Abstract
The rise of maquiladoras, or foreign owned manufacturing plants, in Mexico during the 1970s and 80s symbolizes the social and economic tension of the Mexican–United States borderland. With the implementation of agreements like the Border Industrialization Program (1965) and the North American Free Trade Agreement (1994) that created and supported the transfer of capital and goods between Mexico and the United States, such policies simultaneously limited the movement of people across the border. By the 1990s, growing disparities between the U.S. and Mexico became evident with the mass movement of Mexican economic migrants to the north and the growth of shanty towns south of the border. Women migrants and labourers in particular faced extremely vulnerable positions in the region due to their precarious work and living conditions, substantiated by the paralleling disappearance, kidnapping, and mutilation of women in the borderlands.
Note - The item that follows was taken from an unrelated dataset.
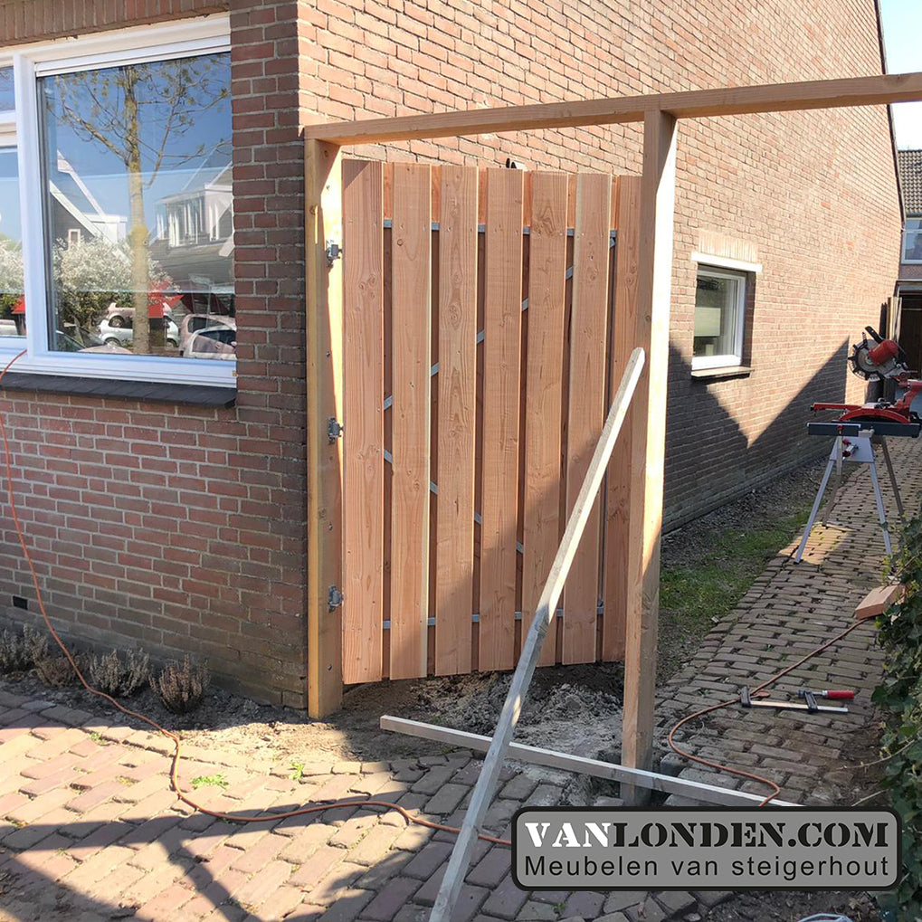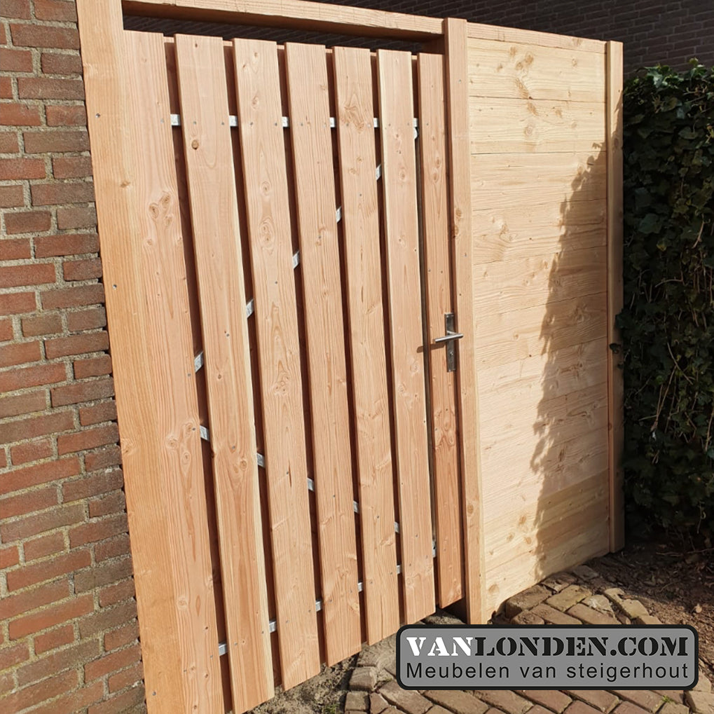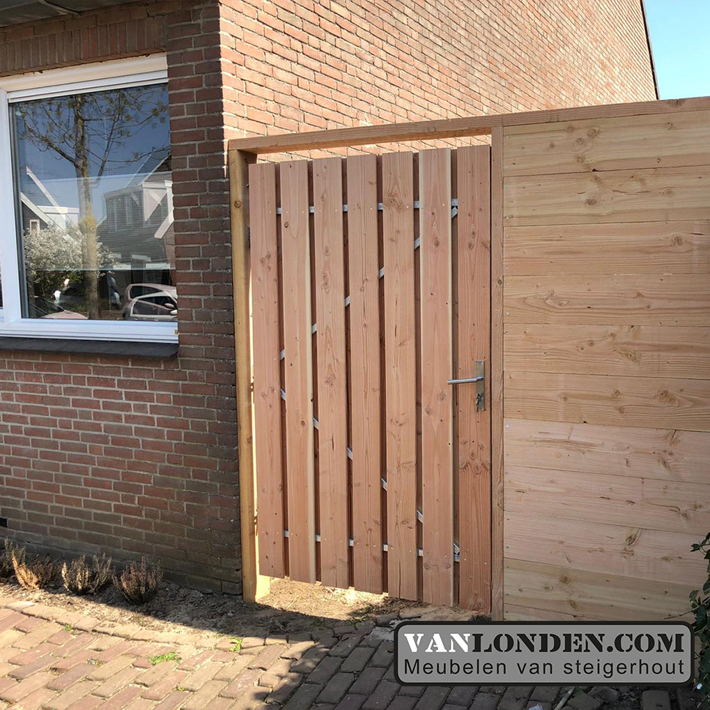 De schutting en poort van Douglas hout heeft een deur met stalen frame met deurbeslag en slot cilinder. De palen staan in beton en zorgen voor een stevige basis. Prijs is op aanvraag.

This article mobilizes Ursula Biemann’s (1999) work on women’s positionality in Mexico to situate their experiences and agency in Mexico’s border town, Ciudad Juarez, within contexts of prevailing feminicide. Ultimately, in engaging in the discussion of the role of what Melissa Wright (2006) calls women’s disposability in the borderlands, this essay will explore why transnational and migrant labour is often overlooked and exploited by policy, leaving women labourers particularly susceptible to such violence.
Publisher
York University Libraries
Cited by
1 articles.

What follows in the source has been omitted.